January 27, 1917 – Screening of the play Snow White starring Marguerite Clark

Poster for film. Image credit: wikipedia

“The world of make-believe has always delighted and absorbed me, ever since I was a little boy.” – Walt Disney

When recalling his early years in many of his interviews, Walt Disney seemed to have a wealth of inspiration as a child, from the fairy tales his grandmother read him, to touring productions of plays, such as Peter Pan, starring Maude Adams. The biggest inspiration for Disney’s choosing Snow White, it has been said, is the film version of the play Snow White, starring silent screen actress Marguerite Clark.

Walt as a young boy

The film, released December 25, 1916, is a silent black and white film, directed by J. Searle Dawley and distributed by Paramount Pictures.

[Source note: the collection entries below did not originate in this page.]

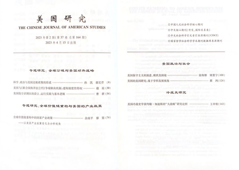 近日,我院余南平教授和硕士研究生廖盟于《美国研究》2023年第2期刊发《全球价值链重构中的国家产业政策——以美国产业政策变化为分析视角》一文。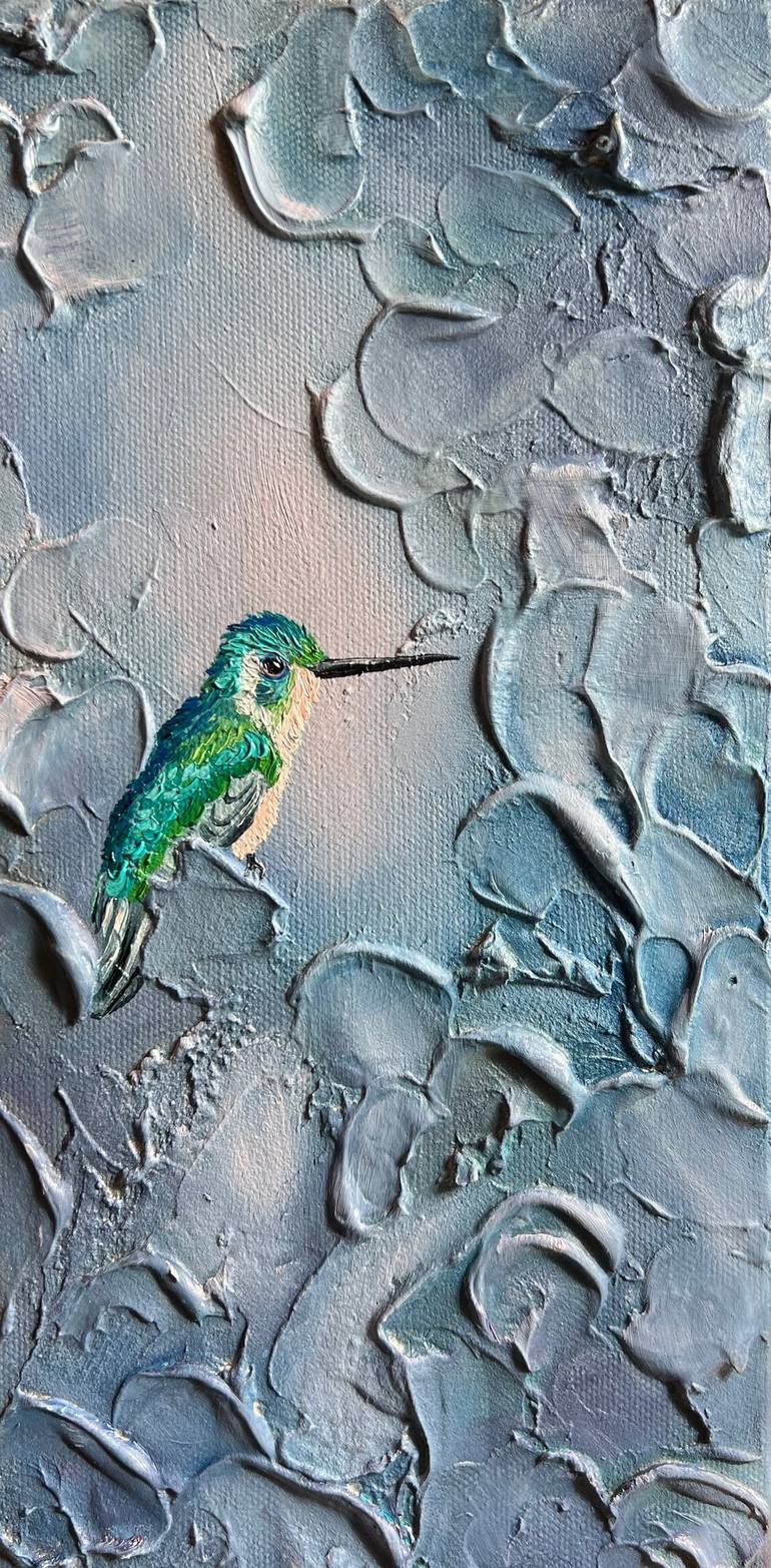 Hummingbirds buzz around me as I paint on my Santa Monica, California balcony. They are a constant source of joy and inspiration. This piece has many layers of molding paste and paint building up tactile texture and a magical atmosphere. Nebulous Perch's background technique is influenced by my Oc...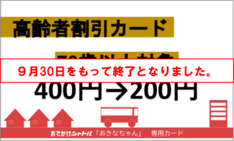 - 令和7年10月1日 あきなちゃんで敬老特別乗車証(敬老パス)、福祉特別乗車券(福祉パス)、特別乗車券、回数券ICカードが使えるようになりました。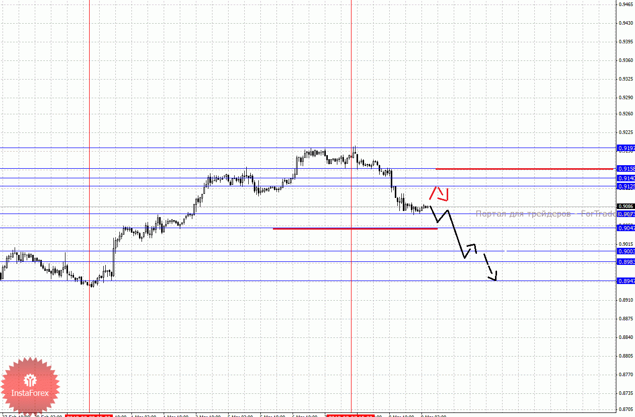 По паре Доллар/Франк ключевым уровня являются: 0.9197, 0.9158, 0.9140, 0.9125, 0.9073, 0.9047, 0.9003, 0.8983 и 0.8947. Здесь от 7 марта формируются потенциальные начальные условия для развития нисходящего цикла. Краткосрочное движение книзу ожидаем в коридоре 0.9073 – 0.9047, пробой последнего значения должен сопровождаться импульсивным движением к уровню 0.9003, в коридоре 0.9003 – 0.8983 консолидация цены. Потенциальным значением для низа считаем уровень 0.8947, по достижении которого ожидаем откат кверху. Корректировочное восходящее движение возможно в коридоре 0.9125 — 0.9140, пробой последнего значения приведет к углубленной коррекции, здесь цель 0.9158. От уровня 0.9158 высока вероятность разворота книзу, его пробой будет располагать к развитию восходящей структуры, в данном случае потенциальная цель 0.9197.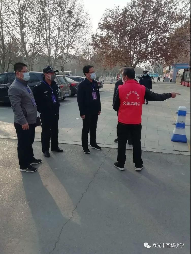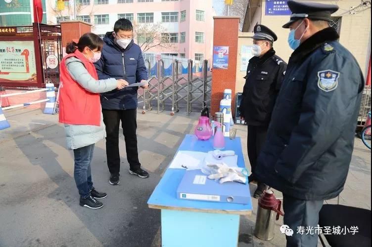 7点32分,党支部书记、校长韩高波,副校长李政准时到校。从询问家属区人员出入、师生体温检测情况等开始了他们一天的战“疫”工作。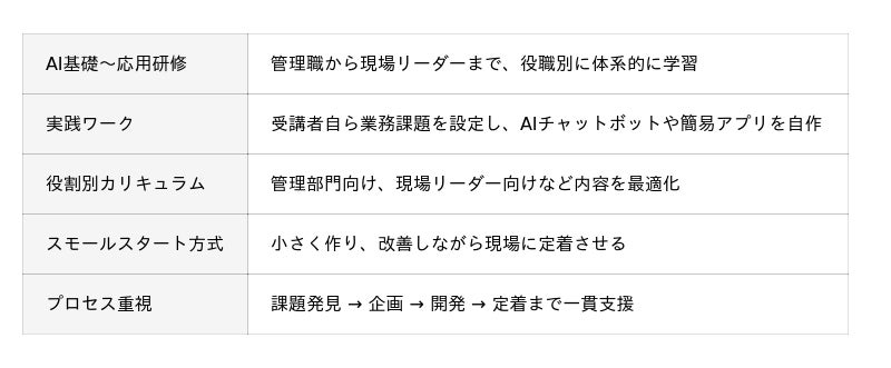 単なる研修にとどまらず、業務改善・採用力強化・新規事業・社内文化まで成果が広がっている点が大きな特徴です。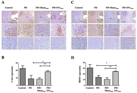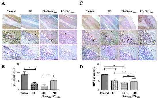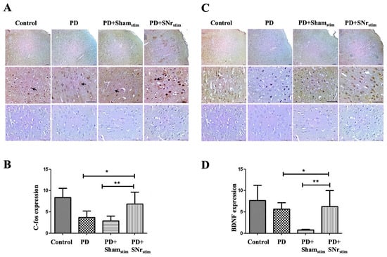 Background and Objectives: Parkinson’s disease (PD) is a neurodegenerative disorder marked by bradykinesia, rigidity, and tremor. While deep brain stimulation (DBS) of the subthalamic nucleus (STN) and globus pallidus internus (GPi) effectively alleviates motor symptoms, the potential of targeting the substantia nigra pars reticulata (SNr) is less understood. This study investigates the effects of mid-term DBS of the SNr on motor function and neuroplasticity in a 6-hydroxydopamine (6-OHDA) rat model of PD. Methods: Adult male Sprague-Dawley rats (280–300 g) were divided into healthy control (n = 10), PD (n = 9), sham-DBS (n = 7), and SNr-DBS (n = 7) groups. Bilateral striatal 6-OHDA lesions induced PD. High-frequency (130 Hz, 60 µs) SNr-DBS was delivered for 14 days. Locomotor activity (open-field), gait (footprint method), and motor coordination (rotarod) were assessed. Tyrosine hydroxylase (TH) expression in the SN and c-Fos and BDNF expression in the cerebellum, prefrontal cortex (PFC), and ventrolateral thalamus were analyzed histologically. Results: SNr-DBS significantly improved ambulation and horizontal activity compared to the PD group (p < 0.05). Gait analysis showed significant improvements in forelimb/hindlimb stride length and stance width, while rotarod performance indicated enhanced motor coordination (p < 0.05). Histology revealed increased TH expression in the SN and elevated c-Fos and BDNF levels in the cerebellum, PFC, and thalamus in the SNr-DBS group vs. PD rats (p < 0.05). Conclusions: Mid-term SNr-DBS produced significant functional gains in motor activity and coordination in a 6-OHDA PD model, together with molecular evidence of dopaminergic enhancement and neuroplastic activation. These translational findings suggest that targeting the SNr may offer a clinically relevant alternative for patients with PD, particularly for those who may not optimally respond to conventional STN or GPi stimulation.

Snow White is played by Marguerite Clark, who was well known for her roles as waifs and children; the Queen was played by Dorothy Cumming, with the Prince played by Creighton Hale, and the Witch played by Alice Washburn.

On January 27 and January 28, 1917, a film version of the story was featured in the Kansas City Convention Hall, sponsored by the Kansas City Star. Disney was a newsboy for the paper at that time, and the paper decided to reward their newsboys with a screening in the hall, with 67,000 people eventually showing up. The film was presented on four different screens to oblige the crowd; unfortunately, the projections were hand-cranked, and the projectionists were not in sync. Disney later recalled that he could see on one screen what was going to happen on one of the other screens, but this still left a magical impression on the fifteen-year-old. “My impression of the picture has stayed with me through the years and I know it played a big part in selecting Snow White for my first feature production,” he explained.

A cel and background for the "folly", Snow White and the Seven Dwarfs

Snow White had always been a favorite story of Disney’s. As he said in a 1953 magazine article in the now-defunct Brief Magazine, Disney’s fascination with fairy tales and make-believe “began when I was a child. Every evening after supper my grandmother would take down from the shelf the well-worn volumes of Grimm’s Fairy Tales and Hans Christian Andersen. We would gather around her and listen to the stories that we knew so well that we could repeat them word for word. Of all the characters in the fairy tales, I loved Snow White best. And when I planned my first full length cartoon, she inevitably was the heroine.” These readings and this film of Snow White no doubt influenced Disney to pick the fantastical story as his first film, or his “folly,” as his critics put it.